1. transformer with:

• a) two U-shaped iron core halves ( 11 )
• b) one winding ( 12 ) on each iron core half ( 11 ),
• c) each leg ( 10 ) of the iron core halves ( 11 ) in the region of its end face ( 16 ) approximately annular or hemispherical, made of electrically insulating material consisting of insulating bodies ( 15 ) which act as spherical sparks, the insulating bodies ( 15 ) contain or are coated with a semiconducting material for controlling the electric field, and wherein
• d) the iron core halves ( 11 ) are arranged so that their end faces ( 16 ) provided with insulating bodies ( 15 ) face each other, and that a distance
• e) between opposite insulating bodies ( 15 ), the insulating bodies ( 15 ) either covering the end faces ( 16 ) or being flush with them. ( Fig. 1)

2. transformer with

• a) two U-shaped iron core halves ( 21 ),
• b) one winding ( 22 ) on each iron core half ( 21 ),
• c) two rod-shaped, consisting of electrically insulating material and acting as spherical spark gaps insulating bodies ( 25 ), each one piece over both end faces ( 26 ) of one of the iron core halves ( 21 ) and which are rounded at their ends ( 23 ), whereby the insulating bodies ( 25 ) for controlling the electrical field contain or are coated with a semiconducting material, and wherein
• d) the iron core halves ( 21 ) are arranged so that their end faces ( 26 ) provided with insulating bodies ( 25 ) face each other, and that a distance
• e) between opposing insulating bodies ( 25 ), the insulating bodies ( 25 ) either covering the end faces ( 26 ) or being flush with them. ( Fig. 2)

3. transformer with

• a) two E-shaped iron core halves ( 31 ),
• b) in each case one winding ( 32 ) on the middle leg ( 30 ) of the iron core halves ( 31 ),
• c) on each of three faces (36) of the iron-core halves (arranged 31), such as hemispherical, consisting of electrically insulating material insulating bodies (35) which act as ball spark gaps, wherein the insulating body (35) for controlling the electric field, a contain or are coated with semiconducting material, and wherein
• d) the iron core halves ( 31 ) are arranged so that their end faces ( 36 ) provided with insulating bodies ( 35 ) face each other, and that a distance
• e) between mutually opposite insulating bodies ( 35 ), the insulating bodies ( 35 ) either covering the end faces ( 36 ) or being flush with them. ( Fig. 3)

4. Transformer with

• a) two U-shaped or E-shaped iron core halves ( 41 ) which are arranged such that their end faces ( 46 ) face each other,
• b) two circuit board windings ( 42 ), one of which is assigned to one of the iron core halves ( 41 ), and the circuit board windings ( 42 ) each have an insulating plate ( 47 ) with a flat winding ( 50 ) arranged thereon,
• c) the circuit board windings ( 42 ) each with their electrically insulating insulating plate ( 47 ) cover the end faces ( 46 ) of one of the iron core halves ( 41 ), so that the winding ( 50 ) in each case on the end faces ( 46 ) turned away Side is located, and with a distance (a) between the circuit board windings ( 42 ).
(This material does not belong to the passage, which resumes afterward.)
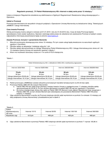 Regulamin promocji „TV Pakiet Wielotematyczny HD+ Internet w stałej cenie przez 12 miesięcy ” Użyte w niniejszym Regulaminie określenia są zdefiniowane w Ogólnych Regulaminach Świadczenia Usług obowiązujących u Operatora. Udział w Promocji Promocja jest kierowana do wszystkich chcących podpisać z Operatorem Umowę Abonencką na świadczenie Usług Telewizyjnych JAMBOX i Usługi Internetowej Czas trwania Promocji Ofertę promocyjną można zakupić w okresie od 01.01.2016 roku do 31.03.2016 roku. Czas do kiedy Promocja będzie sprzedawana może zostać wydłużony. Operator zastrzega sobie prawo do odwołania lub zawieszenia Promocji w każdym czasie, odpowiednie informacje prezentowane będą na stronie www.logitus.pl . Zasady Promocji, korzyści i uprawnienia Abonenta 1. 2. 3. 4. Warunki promocyjne obowiązują przez okres 12 miesięcy. Po tym czasie usługi będą świadczone na warunkach ogólnych zgodnie z Cennikiem Obniżka opłaty za aktywację i instalację usług do 1 pln Obniżka opłaty abonamentowej za Usługę Telewizyjną (Pakiet Wielotematyczny HD) i Usługę Internetową przez okres od 1 do 12 miesiąca trwania Umowy do wysokości zgodnej z tabelą 1. Klient ma możliwość dzierżawy routera wi -fi w cenie 6 PLN miesięcznie. Tabela 1. Pakiet Wielotematyczny HD+ z dekoderem MAG 250 z możliwością nagrywania Internet 10/10 Mbit Internet 50/50 Mbit Internet 100/100 Mbit Internet 300/300 Mbit 79 pln W tym: Usługa telewizyjna 59,90 pln Usługa Internetowa 19,10 pln 94 pln W tym: Usługa telewizyjna 59,90 pln Usługa Internetowa 34,10 pln 99 pln W tym: Usługa telewizyjna 59,90 pln Usługa Internetowa 39,10 pln 124 pln W tym: Usługa telewizyjna 59,90 pln Usługa Internetowa 64,10 pln 5. 6. 7. Pakiet promocyjny JAMBOtest (zestaw aktualnie promowanych kanałów tematycznych) na 30 dni bez opłat. Promocja Pakietu HBO HD dla nowych Abonentów: a. Pakiet HBO HD bez opłat przez pierwszy miesiąc trwania Umowy a następnie przez 11 miesięcy obniżka opłaty abonamentowej do 24,90 zł. Po tym okresie abonament za pakiet HBO HD wg cen zgodnych z Cennikiem. b. Do końca miesięcznego okresu bez opłat za Pakiet HBO HD Abonent może zgłosić Operatorowi chęć rezygnacji z Pakietu HBO HD, po tym okresie Abonent jest zobowiązany do pozostania Abonentem Pakietu HBO HD przez kolejne 11 miesięcy Ulga udzielona Abonentowi w wyniku tej Promocji obejmuje obniżki opłat wymienione w punkcie 3 w okresie 12 miesięcy od daty podpisania Umowy Abonenckiej i przedstawiona jest w tabeli 2. Tabela 2. Pakiet Wielotematyczny HD oraz: Wysokości ulgi 8. Internet 10/10 Internet 50/50 Internet 100/100 Internet 300/300 612 pln 456 pln 420 pln 480 pln Ulga udzielona Abonentowi w promocji Pakietu HBO obejmuje obniżki opłat wymienione w punkcie 7 i wynosi 85,98 zł. www.logitus.pl Zobowiązania Uczestnika Promocji 1. Abonent zobowiązany jest do pozostania Abonentem Usługi Telewizyjnej i Usługi Internetowej przez pełen okres od dnia zawarcia Umowy do końca miesiąca kalendarzowego oraz przez kolejne 12 pełne miesiące kalendarzowe (12 pełne Okresy Rozliczeniowe). 2. Rozwiązanie Umowy w okresie opisanym w punkcie 1 wiąże się z karą w wysokości udzielonej Abonentowi ulgi określonej w niniejszym Regulaminie, pomniejszonej proporcjonalnie, z uwzględnieniem okresu który upłynął od dnia zawarcia Umowy Abonenckiej. Dodatkowo stosuje się zapisy Ogólnego Regulaminu Świadczenia Usług Telewizyjnych i Ogólnego Regulaminu Świadczenia Usług Telekomunikacyjnych obowiązującego u Operatora. Postanowienia końcowe 1. 2. 3. Regulamin Promocji jest częścią Umowy Abonenckiej, jeśli Abonent podpisał Umowę Abonencką w ramach oferty promocyjnej na zasadach niniejszej Promocji. W sprawach nieuregulowanych niniejszym Regulaminem mają zastosowanie postanowienia Ogólnych Regulaminów Świadczenia Usług obowiązujące u Operatora. Podpisując Umowę Promocyjną, Abonent wyraża zgodę na otrzymywanie comiesięcznych faktur drogą elektroniczną (mail, system rozliczeń Operatora) oraz oświadcza, że zapoznał się z Regulaminem Promocji, Ogólnym Regulaminem Świadczenia Usług Telekomunikacyjnych i Telewizyjnych, Cennikiem Usług i akceptuje warunki w nich zawarte. 4. Regulamin w niniejszej wersji obowiązuje od dnia 1 stycznia 2016r.

5. Transformer according to one of claims 1 to 3, characterized in that the insulating bodies ( 15 , 25 , 35 ) have flattened portions ( 100 , 200 , 300 ) at the points (a) opposite one another (a). 6. Transformer according to one of claims 1 to 5, characterized in that the legs ( 10 , 20 , 30 ) of the iron core halves ( 11 , 21 , 31 ) one in comparison to the distance (a) of the insulating body ( 15 , 25 , 35 ) or the distance (a) of the plati nenwicklungen ( 42 ) large distance (b) from each other. 7. Transformer according to one of the preceding claims, characterized in that the distance (a) between the insulating bodies ( 15 , 25 , 35 ), or the circuit board windings ( 42 ) several millimeters, at a voltage of 20 kV about 6 to 7 mm.